Data excerpts:
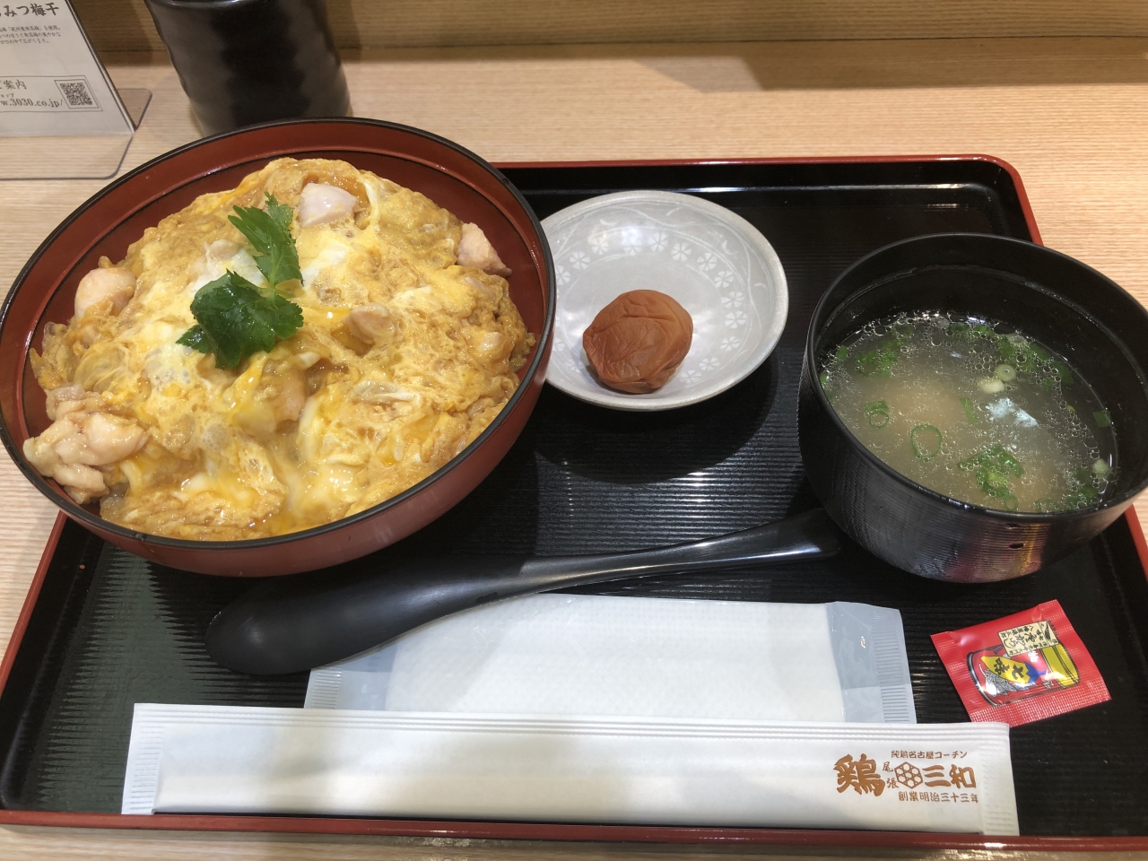 JR千葉駅前の、千葉そごう地下一階のお店です。土曜の正午少し前に訪問しました。混む前にと思って早目の訪問です。カウンターは空いていてすぐ座れました。木曽名水親子丼をオーダー。842円。フワッとろの親子丼と、鶏肉団子と、蜂蜜梅干し1個。さっと出て来て、さっさと美味しく食べて離席しました。
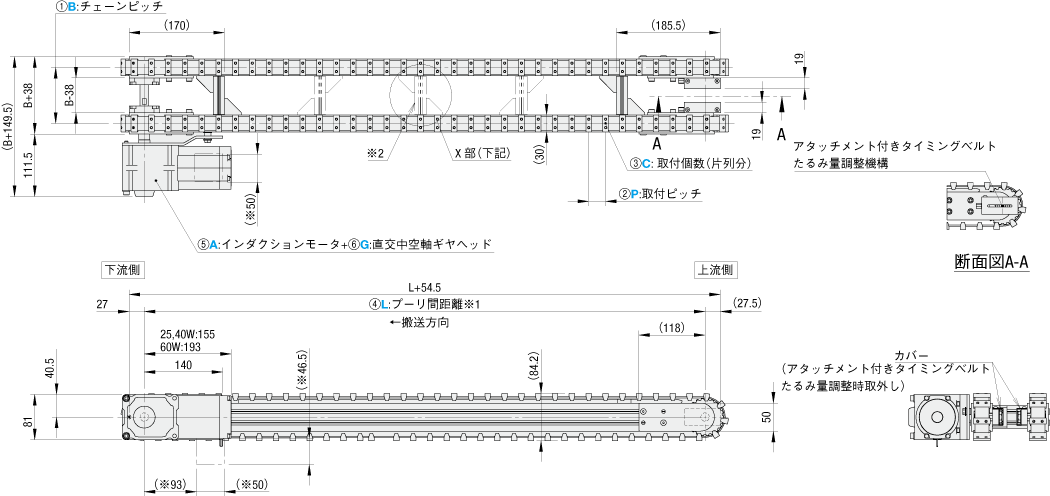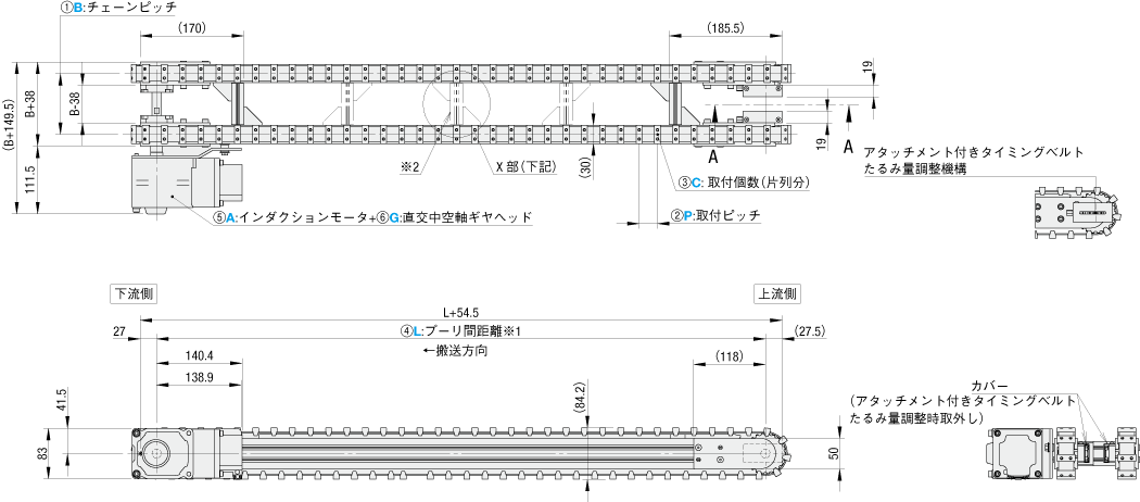 型式 | ベルト種類 | ①B (チェーンピッチ) | アタッチ仕様 | ④L (プーリ間距離) [mm] | モータ選択 | ||||||
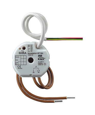KNX Schaltaktor 1fach 16 A Unterputz Merkmale: - Freie Zuordnung der Funktionen Schalten, Dimmen, Jalousie und Wertgeber zu den Eingängen. - Sperrobjekt zum Sperren einzelner Eingänge. - Verhalten bei Busspannungswiederkehr für jeden Eingang separat parametrierbar. - Telegrammratenbegrenzung. - Funktion Schalten: zwei unabhängige Schaltobjekte für jeden Eingang vorhanden und einzeln freischaltbar, Befehl bei steigender und fallender Flanke unabhängig einstellbar (EIN, AUS, UM, keine Reaktion). - Funktion Dimmen: Einflächen- und Zweiflächenbedienung, Zeit zwischen Dimmen und Schalten und Dimmschrittweite einstellbar, Telegramm-Wiederholung und Stopp-Telegramm senden möglich. - Funktion Jalousie: Befehl bei steigender Flanke einstellbar (keine Funktion, AUF, AB, UM), Bedienkonzept parametrierbar (Step - Move - Step bzw. Move - Step), Zeit zwischen Kurz- und Langzeitbetrieb einstellbar, Lamellenverstellzeit einstellbar. - Funktion Wertgeber und Lichtszenennebenstelle: Flanke (Taster als Schließer, Taster als Öffner, Schalter) und Wert bei Flanke parametrierbar, Wertverstellung bei Taster über langen Tastendruck für Wertgeber möglich, Lichtszenennebenstelle mit Speicherfunktion auch Speicherung der Szene ohne vorherigen Abruf möglich. - Schaltaktor 1fach Unterputz mit zwei Binäreingängen. An die zwei Binäreingänge können potenzialfreie Kontakte angeschlossen werden. Die beiden Eingänge können dabei unabhängig voneinander verschiedene Funktionen ausführen oder gesperrt werden. - Werkseitig ist der Eingang "1" dem Schaltaktor zugeordnet, so dass eine Bedienung ohne Programmierung möglich ist. - Ausgang als Schließer oder Öffner parametrierbar. - Auswahl der Vorzugslage bei Busspannungsausfall und -wiederkehr. - Ein- bzw. Ausschaltverzögerung oder Zeitschaltfunktion einstellbar. - Ausgang mit drei Objekten: Schalten, Rückmeldung und Zusatzfunktion (Verknüpfung, Sperrfunktion oder Zwangsstellung). - Rückmeldeobjekt invertierbar. Hinweise : - Zur Montage in Gerätedose (Empfehlung Elektronikdose der Firma Kaiser). Unterputz, Kaiser Best.-Nr.: 1068-02, Hohlwand, Kaiser Best.-Nr.: 9062-94, halogenfrei, Kaiser Best.-Nr.: 9062-74. - Der Anschluss der Ausgänge erfolgt über eine flexible ca. 20 cm lange Leitung. - Der Anschluss der Binäreingänge und des KNX Busses erfolgt über eine 6-adrige ca. 30 cm lange Anschlussleitung, die auf max. 5 m verlängert werden kann. - VDE-Zulassung gemäß EN 60669-1, EN 60669-2-1.| Hersteller / Marke | GIRA |
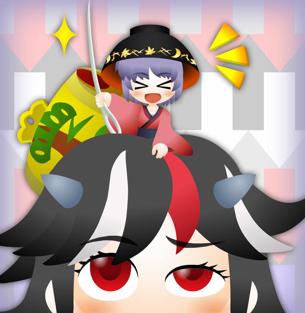 :d cocked_eyebrow confused happy horns kijin_seija kouki_ht mallet miracle_mallet needle open_mouth red_eyes sitting sitting_on_person smile sukuna_shinmyoumaru touhou xd
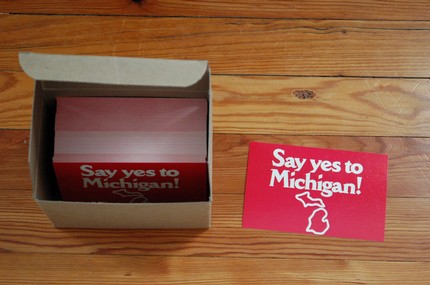 I grew up in Michigan, and it’s super super cool. Big lakes, small towns, cider mills, sand dunes, hilariously bad skiing. My birthday is coming up and at the top of my wish list are these Michigan postcards. They’re from a 1970’s ad campaign, and you get 100 for $5. Say yes!
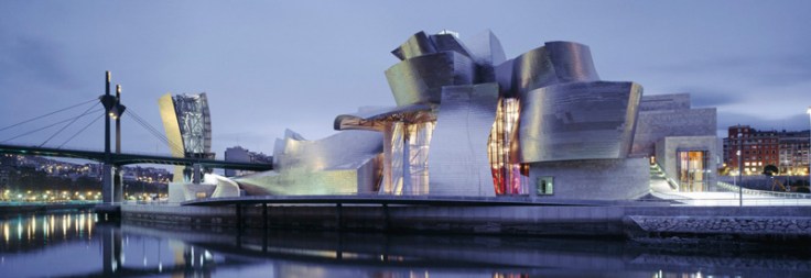 Dessiné par l’Américain Frank Gerhy, sa silhouette extraordinaire est faite d’un assemblage de pierre, de verre et de titane. Le musée devient rapidement un des bâtiments contemporains les plus connus au monde, qui a œuvré au renouveau et à la notoriété de la ville. On a même donné à ce phénomène le nom de « Effet Bilbao ».
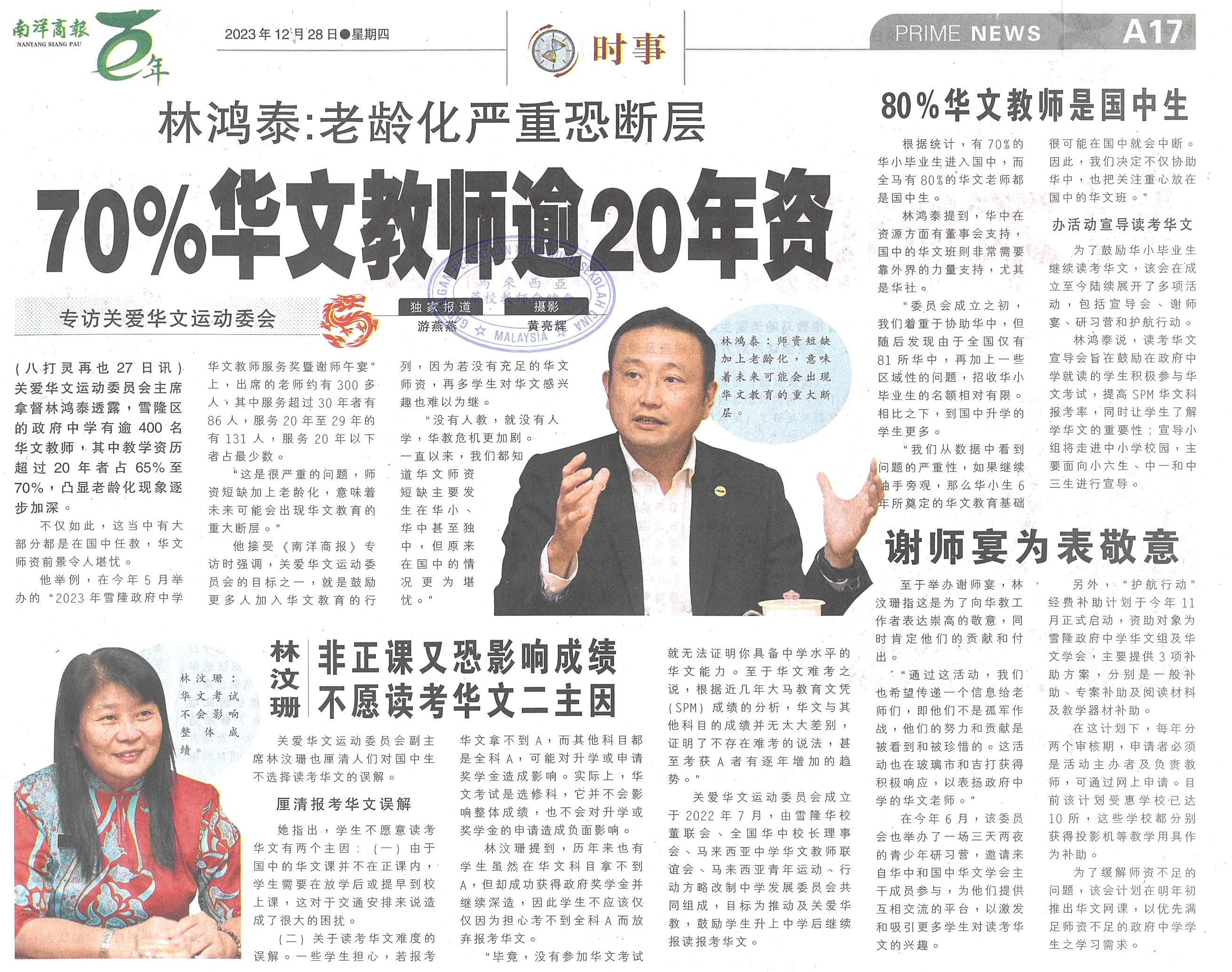 林鸿泰:老龄化严重恐断层 70%华文教师逾20年资
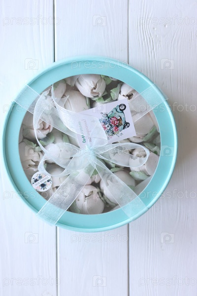 Зефир в коробке. Зефирные тюльпаны. Коробочка бирюзового цвета, перевязана лентой. Он стоит на белых досках. Снято сверху

■ **Task instructions**
Only the lines from the first line of the data above through the line with "型式 | ベルト種類 |" should appear in the answer, retyped exactly, with every picture left out.

■ **Task response**
 JR千葉駅前の、千葉そごう地下一階のお店です。土曜の正午少し前に訪問しました。混む前にと思って早目の訪問です。カウンターは空いていてすぐ座れました。木曽名水親子丼をオーダー。842円。フワッとろの親子丼と、鶏肉団子と、蜂蜜梅干し1個。さっと出て来て、さっさと美味しく食べて離席しました。
 型式 | ベルト種類 | ①B (チェーンピッチ) | アタッチ仕様 | ④L (プーリ間距離) [mm] | モータ選択 | ||||||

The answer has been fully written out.